6

I want to compare the number with different format, but do not get the desired result.

\documentclass[a4paper]{article}
\usepackage{ifthen}
\usepackage{numprint}
\npthousandsep{,}
\npdecimalsign{.}
\nprounddigits{2}

\newcommand{\dotnumber}{1200.00}
\newcommand{\nodotnumber}{1200}

\begin{document}
\ifthenelse{\equal{\numprint{\dotnumber}}{\numprint{\nodotnumber}}}{true}{false}\\
\numprint{\dotnumber}\\
\numprint{\nodotnumber}\\
\end{document}

Here is the result: result

What is the problem there? Are there any methods to get the result to be true?

6

You are not comparing two numbers, but the set of instructions to print them; so the test cannot succeed.

This is a job for expl3 and its floating point module.

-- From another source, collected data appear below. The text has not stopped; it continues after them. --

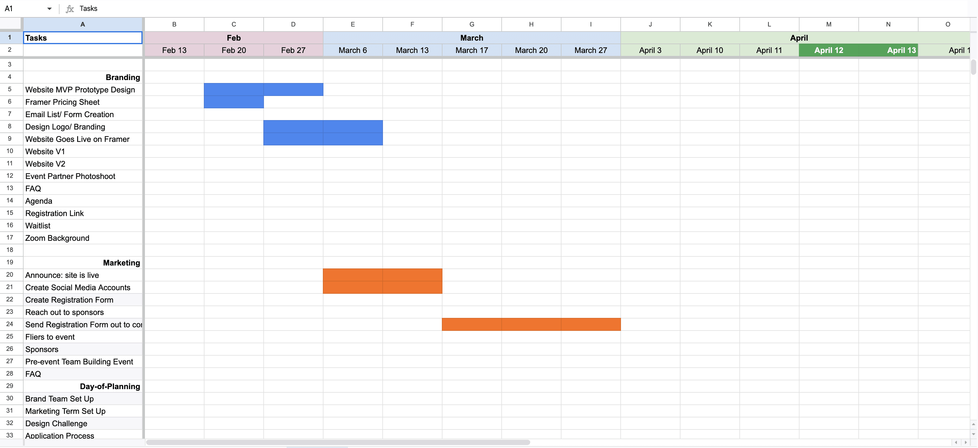 At the end of the workshop, we built out different teams to take over roles for the event. We divided up the different work needed and used a RACI Matrix to ensure all parties were informed of overlapping tasks and due dates.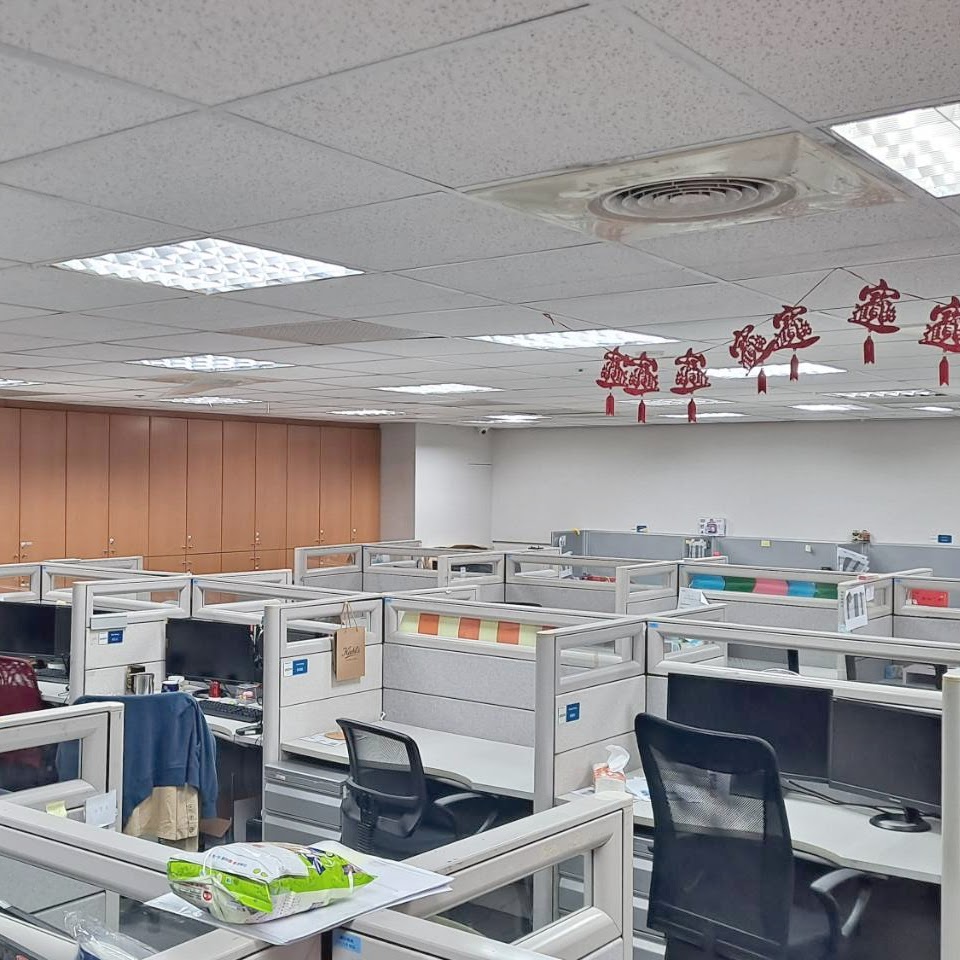 辦公環境乾淨明亮,專職清潔人員每日清掃、每季定期環境消毒;中央空調、飲水機(廠商定期收回清洗)、擦手紙、自動販賣機、用餐休憩區、哺乳室、優質咖啡機等設施一應俱全,提供同仁最舒適的工作環境。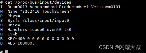 值得注意的是 B 位图,比如上图中“ B: EV=b”用来表示该设备支持哪类输入事件。 b 的二进制是 1011, bit0、 1、 3 为 1,表示该设备支持 0、 1、 3 这三类事件,即 EV_SYN、 EV_KEY、 EV_ABS。

\documentclass[a4paper]{article}

\usepackage{xparse}
\usepackage{numprint}

\ExplSyntaxOn
\DeclareExpandableDocumentCommand{\numcompare}{O{=}mmmm}
 {
  \fp_compare:nTF { #2 #1 #3 } { #4 } { #5 }
 }
\ExplSyntaxOff

\npthousandsep{,}
\npdecimalsign{.}
\nprounddigits{2}

\newcommand{\dotnumber}{1200.00}
\newcommand{\nodotnumber}{1200}

\begin{document}

\numcompare{\dotnumber}{\nodotnumber}{true}{false}

\numprint{\dotnumber}

\numprint{\nodotnumber}

Expected: true; true, true, false

\numcompare{1.2e2}{120}{true}{false};
\numcompare[>]{10}{9}{true}{false};
\numcompare[>=]{10}{10}{true}{false};
\numcompare[<]{10}{9}{true}{false}

\end{document}

The function \fp_compare:nTF performs the test on the supplied numbers (and the supplied relation sign, if the default = is not wanted); the numbers should be in a format according to IEEE standards for floating points.

enter image description here

3

You can do testing the part before dot and the part after dot separately.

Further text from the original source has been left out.